Certo le donne africane possono attuare il cambiamento all’interno, lottando contro tradizioni arcaiche che le mantengono subalterne, ma devono focalizzare il contesto e le complicità internazionali per modificare il sistema economico. Complicità che all’apparenza sono benevoli, come quelle rappresentate dagli aiuti umanitari dell’Occidente, un business di proporzioni mostruose - lo espone con grande chiarezza e semplicità Dambisa Moyo nel suo libro La carità che uccide, altra donna, questa volta dello Zambia, non allineata sugli equilibri mondiali. Considerata tra le cento persone più influenti al mondo da “Time Magazine”, Moyo ha avuto il coraggio di spiegare “come gli aiuti dell’Occidente stanno devastando il Terzo Mondo”, ovviamente, con dati alla mano, da economista oxfordiana, masterizzata a Harvard, qual è. Molto semplicemente, da donna africana, Dambisa si chiede come sia possibile che dopo il 1980, a fronte di una diminuzione della povertà mondiale in termini assoluti e in percentuale, quella degli abitanti dell’Africa sub-sahariana sia aumentata del 50 per cento, facendo quasi raddoppiare il numero di africani poveri, tra il 1981 e il 2002. Un dato sconcertante che, insieme al crollo dell’alfabetizzazione, alle misere condizioni sanitarie e in generale al mancato miglioramento dell’aspettativa di vita, crea una dimensione inquietante, se si pensa che in questi ultimi trent’anni gli aiuti sistematici – cioè i trasferimenti di denaro ai governi dei paesi poveri, attraverso la Banca Mondiale e il Fondo Monetario Internazionale - non si sono mai arrestati, senza servire alla crescita economica.

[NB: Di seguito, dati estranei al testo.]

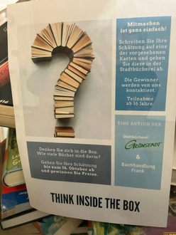 Auch, das Datum der Schätzabfrage für diese Box hat sich geändert, weil sich ja die offizielle Eröffnung geändert hatte. Man kann immer noch mitmachen, einfach in der Bücherei vorbeigehen und den Stimmzettel ausfüllen.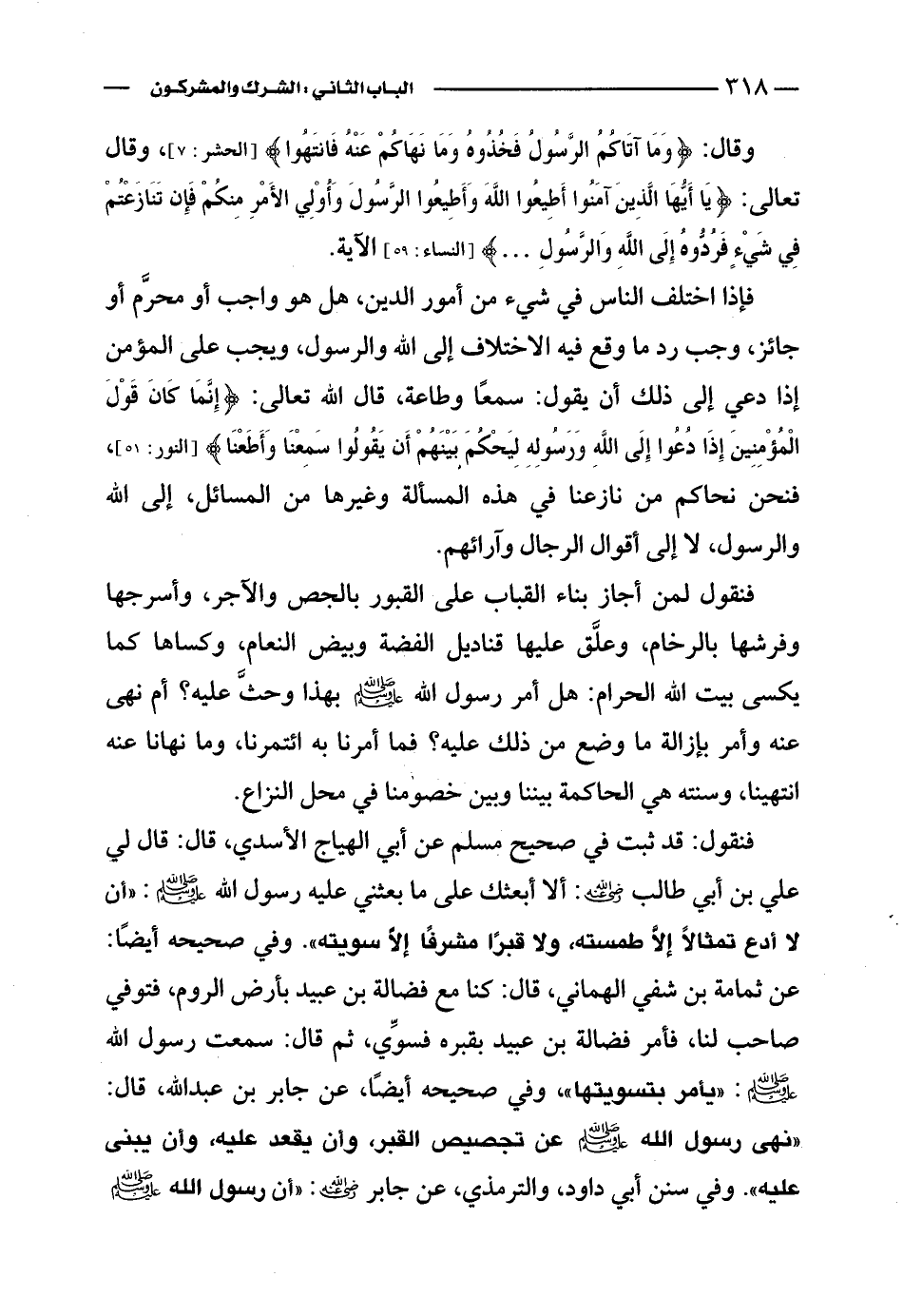 فنقول: قد ثبت في صحيح مسلم عن أبي الهياج الأسدي، قال: قال لي علي بن أبي طالب - رضي الله عنه -: ألا أبعثك على ما بعثني عليه رسول الله - صلى الله عليه وسلم -: «أن لا أدع تمثالاً إلاَّ طمسته، ولا قبرًا مشرفًا إلاَّ سويته». وفي صحيحه أيضًا: عن ثمامة بن شفي الهماني، قال: كنا مع فضالة بن عبيد بأرض الروم، فتوفي صاحب لنا، فأمر فضالة بن عبيد بقبره فسوِّي، ثم قال: سمعت رسول الله - صلى الله عليه وسلم -: «يأمر بتسويتها»، وفي صحيحه أيضًا، عن جابر بن عبد الله،

Al contrario, Moyo, che distingue tra questi flussi ordinari e quelli umanitari d’emergenza e delle Ong su specifici progetti, non hanno fatto altro che alimentare la corruzione e i regimi dispotici, impedire gli investimenti e l’imprenditoria, allontanando i paesi poveri da qualsiasi tentativo di sviluppo. Una visione rivoluzionaria, che se venisse adottata metterebbe a rischio l’intero comparto degli aiuti a livello internazionale e migliaia di posti di lavoro nei paesi ricchi salterebbero. Meglio è continuare a far chiudere in un paese povero dell’Africa una piccola fabbrica di zanzariere, perché qualcuno in Occidente ha deciso di distribuirle gratis, scrive in uno dei tanti esempi Dambisa Moyo.

Ecco di queste donne vogliamo parlare, africane, europee e italiane, e di queste donne che fanno la differenza vogliamo che si parli e si scriva in giro per il mondo. Non delle giovani prostitute alla corte di pseudo imperatori italioti e decadenti. Indigniamoci ogni giorno anche dopo il 13 febbraio per l’immagine della donna italiana che viene così brutalmente artefatta. La misura è ormai colma, saremo noi a tirare un bel calcio nel didietro di Berlusconi, ce l’abbia “flaccido” o sodo, fa lo stesso. Le donne italiane hanno delle belle e forti gambe! Lasciatemelo dire, da donna.